* WHAT YOU NEED TO DO: Reproduce the listing below exactly, except for its pictures.

* DATA SHOWN:
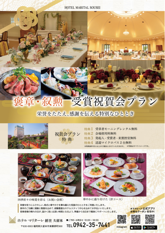 人生の節目となる大切な受章・受賞を、心に残る祝賀会で。 ホテル マリターレ創世 久留米では、格式ある空間とおもてなしで、 ご家族・ご親族、企業関係者とともに栄誉を称えるひとときをご用意いたします。
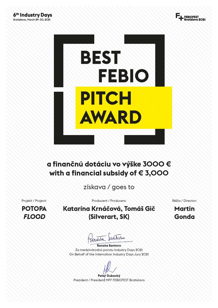 Ocenenie za najlepší prezentovaný projekt - Cenu Best Febio Pitch s finančnou prémiou 3000 eur získal pripravovaný celovečerný hraný debut režiséra Martina Gondu Potopa.
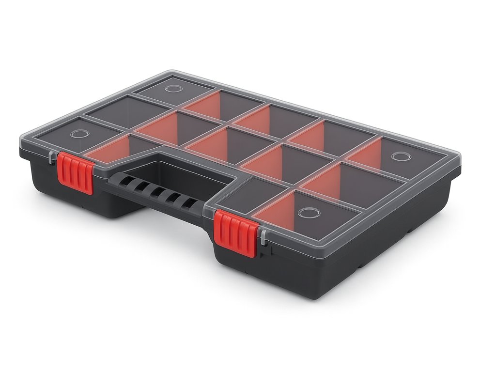 Stavební organizér je bezvadná věc, pokud patříte mezi ty, kteří mají rádi ve věcech pořádek a mají rádi, když má každá věc své místo. Ušetří čas při hledání různých drobných, nebo menších předmětů, protože tady můžete mít všechno přehledně roztřízené. Produkt se hodí, jak pro kutily, tak pro profesionály.

* ANSWER BOX:
 人生の節目となる大切な受章・受賞を、心に残る祝賀会で。 ホテル マリターレ創世 久留米では、格式ある空間とおもてなしで、 ご家族・ご親族、企業関係者とともに栄誉を称えるひとときをご用意いたします。
 Ocenenie za najlepší prezentovaný projekt - Cenu Best Febio Pitch s finančnou prémiou 3000 eur získal pripravovaný celovečerný hraný debut režiséra Martina Gondu Potopa.
 Stavební organizér je bezvadná věc, pokud patříte mezi ty, kteří mají rádi ve věcech pořádek a mají rádi, když má každá věc své místo. Ušetří čas při hledání různých drobných, nebo menších předmětů, protože tady můžete mít všechno přehledně roztřízené. Produkt se hodí, jak pro kutily, tak pro profesionály.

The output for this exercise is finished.